US-based ‘quote-to-cash’ software developer Apttus raised $108m last week in a series C round that represented one of five investments made last week by Salesforce Ventures, the corporate venturing arm of cloud computing company Salesforce.com.
Founded in 2006, Apttus provides software compatible with Salesforce’s Salesforce1 platform that helps businesses in the space between a prospective buyer’s interest and the close of a sale, and includes configure-price-quote, proposal management, contract management and revenue management features.
Salesforce Ventures was joined by sovereign wealth fund Kuwait Investment Authority, which led the round, as well as family office Iconiq Capital and private equity firm K1 Investment Management. The round valued Apttus’ at “well north of $1bn,” chief executive Kirk Krappe told Fortune, and increased its overall funding to more than $185m.

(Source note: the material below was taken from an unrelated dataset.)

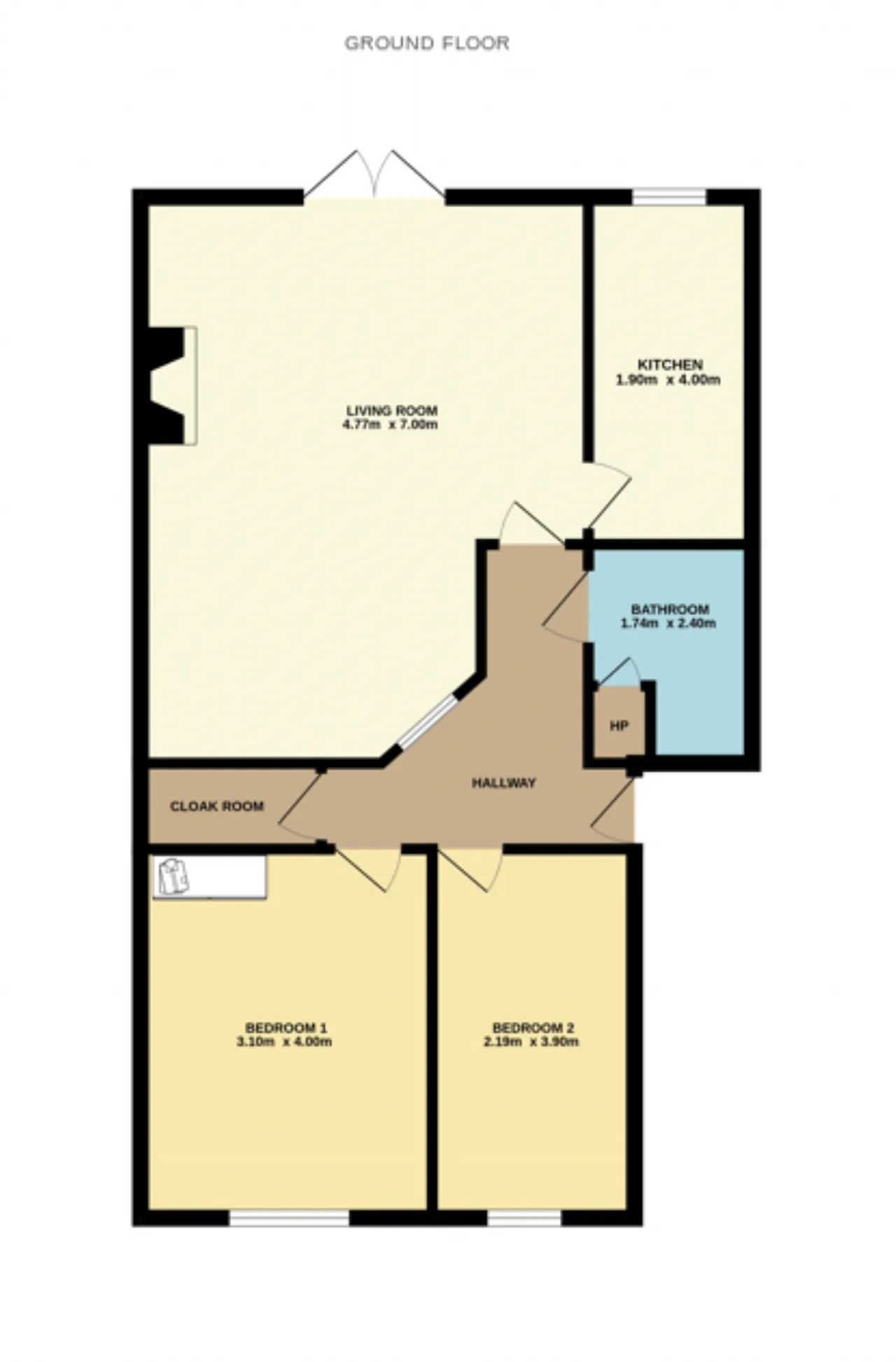 Bedroom 1 4.00m x 3.10m Double bedroom with carpet flooring, fitted wardrobes and window to front.

Apttus plans to use the cash to upgrade its platform, expanding its user base by introducing features to serve clients in the manufacturing, life sciences, financial services and telecommunications industries. It also intends to grow its workforce by over 50% to 1,400 by the end of this year, with 200 of the 500 projected new employees to join the company’s sales division.

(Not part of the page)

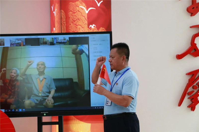 公司黨委書記王吉才領誓,機械院全體黨員重溫入黨誓詞,老黨員吳家修通過視頻連線同步重溫入黨誓詞。
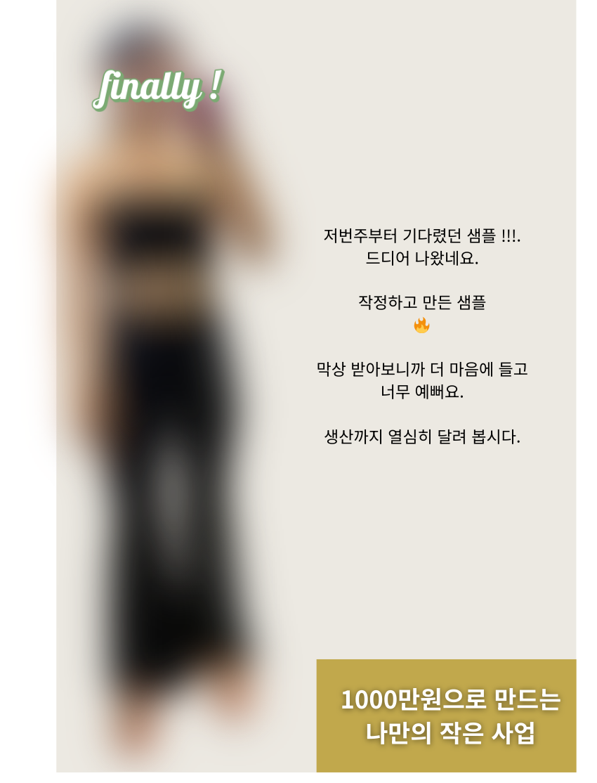 샘플이 나오기전까지 자사몰 셋팅을 하고, 인스타에 글도 올리고 홍보도 하고 싶었어요. 상품이 나오기 전에 홍보를 어느정도 돌려놔야한다고 생각했습니다.

The $108m round was one of five that closed last week with contributions from Salesforce Ventures, the others being native marketing app developer Wrap Media, which raised $12.7m, marketing human resources provider Universal Avenue, which secured $5m, app development platform Yappli and online information filter Guru, each of which raised $2.7m.

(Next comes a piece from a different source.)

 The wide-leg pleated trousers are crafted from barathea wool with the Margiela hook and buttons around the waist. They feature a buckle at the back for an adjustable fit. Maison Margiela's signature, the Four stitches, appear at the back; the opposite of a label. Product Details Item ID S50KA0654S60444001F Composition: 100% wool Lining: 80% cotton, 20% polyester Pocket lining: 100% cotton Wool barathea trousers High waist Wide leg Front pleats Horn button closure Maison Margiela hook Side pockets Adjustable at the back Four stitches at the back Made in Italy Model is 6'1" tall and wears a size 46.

The Apttus investment also highlights the way in which Salesforce is building an ecosystem around Salesforce1, which provides enterprise cloud services as well as allowing external apps to be connected to it, by opting to back companies developing software for the platform.
Apttus is also not the only Salesforce1 company to secure unicorn status this year. Twilio closed a $130m Salesforce-backed round in July that valued it at $1.1bn, while other notable rounds raised by startups utilising the platform include business planning software producer FinancialForce, which raised $110m, and price quote app developer SteelBrick, which secured $18m in February.
Salesforce funds those companies out of the $100m Salesforce1 fund it formed in September 2014, with the first wave of portfolio companies including DocuSign, the e-signature technology developer that closed a $115m series E round the following month, and which is now valued at $3bn.
Apttus, which raised its first venture capital round in 2013, six years after it was formed, could end up being the fund’s first exit, if indeed it beats DocuSign to an initial public offering that could take place as early as 2016. It has not disclosed the size of Salesforce Ventures’ stake, but as the corporate has invested in all three of the company’s rounds, it is sure to be substantial.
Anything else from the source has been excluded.